About this exercise: Every line of the data below is to be given again as it appears, with the images removed.
──────── Data for the task
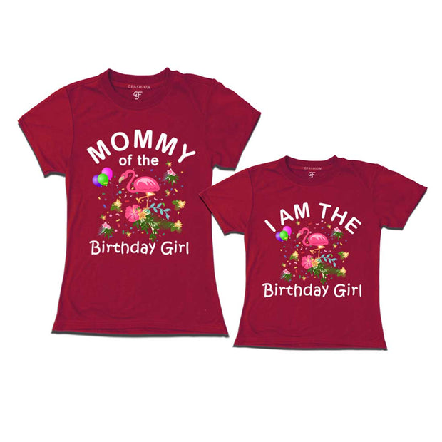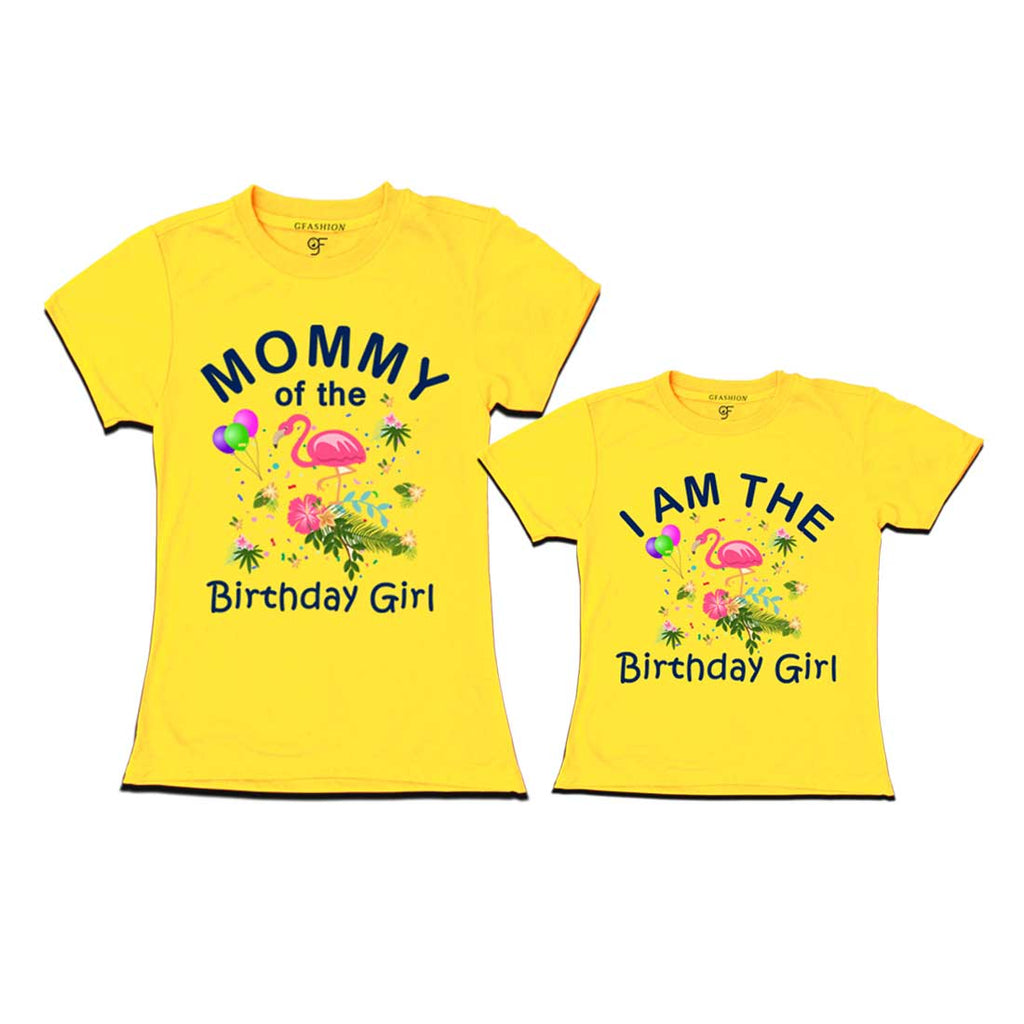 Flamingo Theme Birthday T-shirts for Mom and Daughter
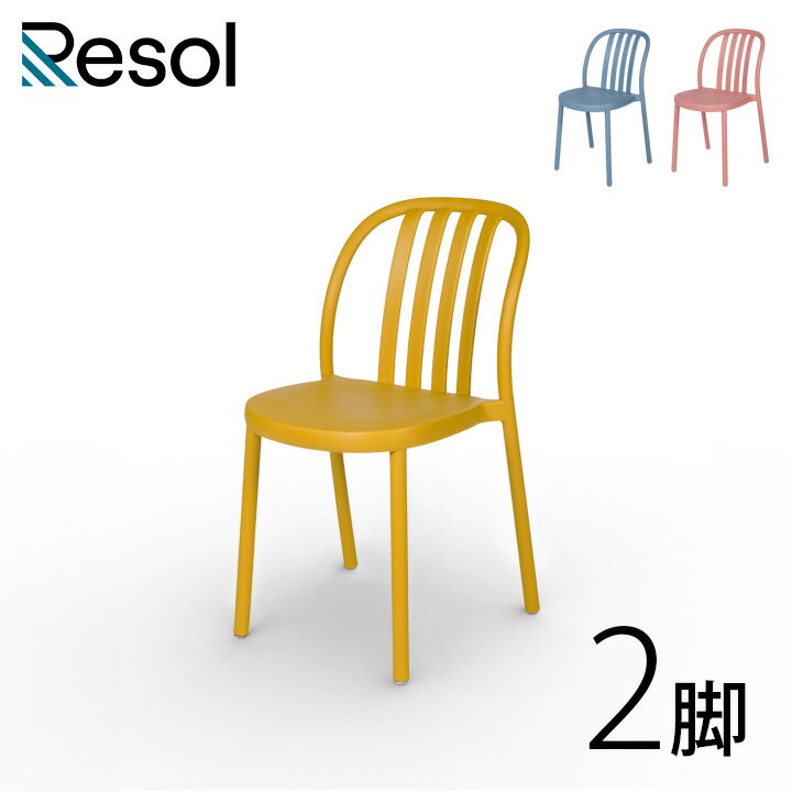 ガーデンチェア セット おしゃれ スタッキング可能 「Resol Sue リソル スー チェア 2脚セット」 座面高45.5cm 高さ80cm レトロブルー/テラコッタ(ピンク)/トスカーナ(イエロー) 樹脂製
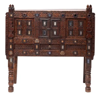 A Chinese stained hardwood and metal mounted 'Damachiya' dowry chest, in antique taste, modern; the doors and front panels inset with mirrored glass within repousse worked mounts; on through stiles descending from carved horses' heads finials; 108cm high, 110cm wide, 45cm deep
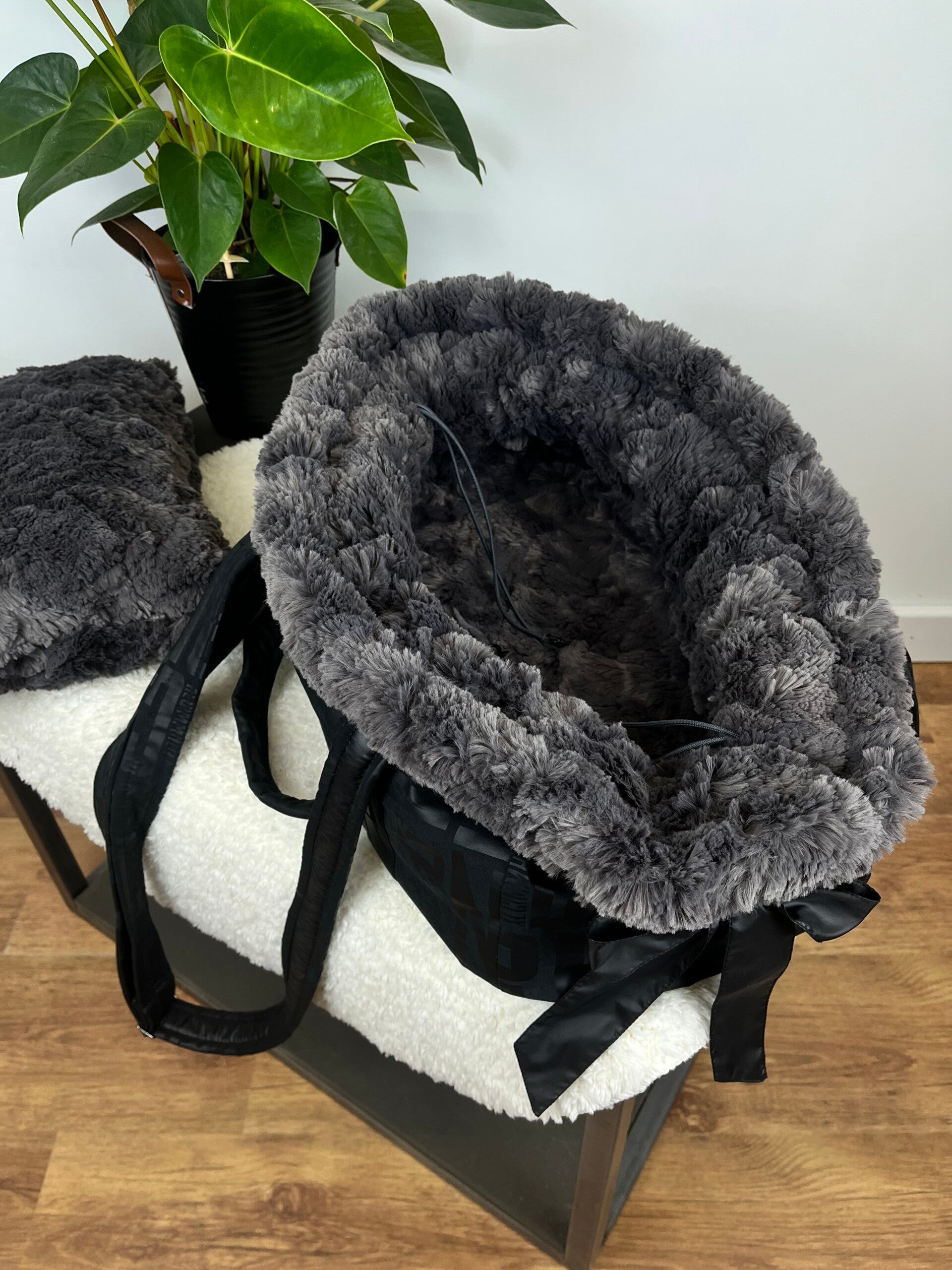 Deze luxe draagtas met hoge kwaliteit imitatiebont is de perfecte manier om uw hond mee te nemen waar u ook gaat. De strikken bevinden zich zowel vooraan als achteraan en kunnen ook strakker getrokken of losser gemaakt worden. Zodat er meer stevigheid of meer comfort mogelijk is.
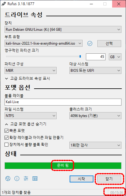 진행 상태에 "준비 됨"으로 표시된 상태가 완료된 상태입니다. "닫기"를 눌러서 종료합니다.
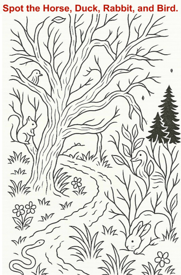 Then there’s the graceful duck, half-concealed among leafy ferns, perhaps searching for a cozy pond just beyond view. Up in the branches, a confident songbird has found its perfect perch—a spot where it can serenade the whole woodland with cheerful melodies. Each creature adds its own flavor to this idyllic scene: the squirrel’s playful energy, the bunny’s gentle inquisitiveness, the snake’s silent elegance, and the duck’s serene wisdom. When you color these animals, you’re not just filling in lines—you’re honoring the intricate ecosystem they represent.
────────────────
Response to the task:
 Flamingo Theme Birthday T-shirts for Mom and Daughter
 ガーデンチェア セット おしゃれ スタッキング可能 「Resol Sue リソル スー チェア 2脚セット」 座面高45.5cm 高さ80cm レトロブルー/テラコッタ(ピンク)/トスカーナ(イエロー) 樹脂製
 A Chinese stained hardwood and metal mounted 'Damachiya' dowry chest, in antique taste, modern; the doors and front panels inset with mirrored glass within repousse worked mounts; on through stiles descending from carved horses' heads finials; 108cm high, 110cm wide, 45cm deep
 Deze luxe draagtas met hoge kwaliteit imitatiebont is de perfecte manier om uw hond mee te nemen waar u ook gaat. De strikken bevinden zich zowel vooraan als achteraan en kunnen ook strakker getrokken of losser gemaakt worden. Zodat er meer stevigheid of meer comfort mogelijk is.
 진행 상태에 "준비 됨"으로 표시된 상태가 완료된 상태입니다. "닫기"를 눌러서 종료합니다.
 Then there’s the graceful duck, half-concealed among leafy ferns, perhaps searching for a cozy pond just beyond view. Up in the branches, a confident songbird has found its perfect perch—a spot where it can serenade the whole woodland with cheerful melodies. Each creature adds its own flavor to this idyllic scene: the squirrel’s playful energy, the bunny’s gentle inquisitiveness, the snake’s silent elegance, and the duck’s serene wisdom. When you color these animals, you’re not just filling in lines—you’re honoring the intricate ecosystem they represent.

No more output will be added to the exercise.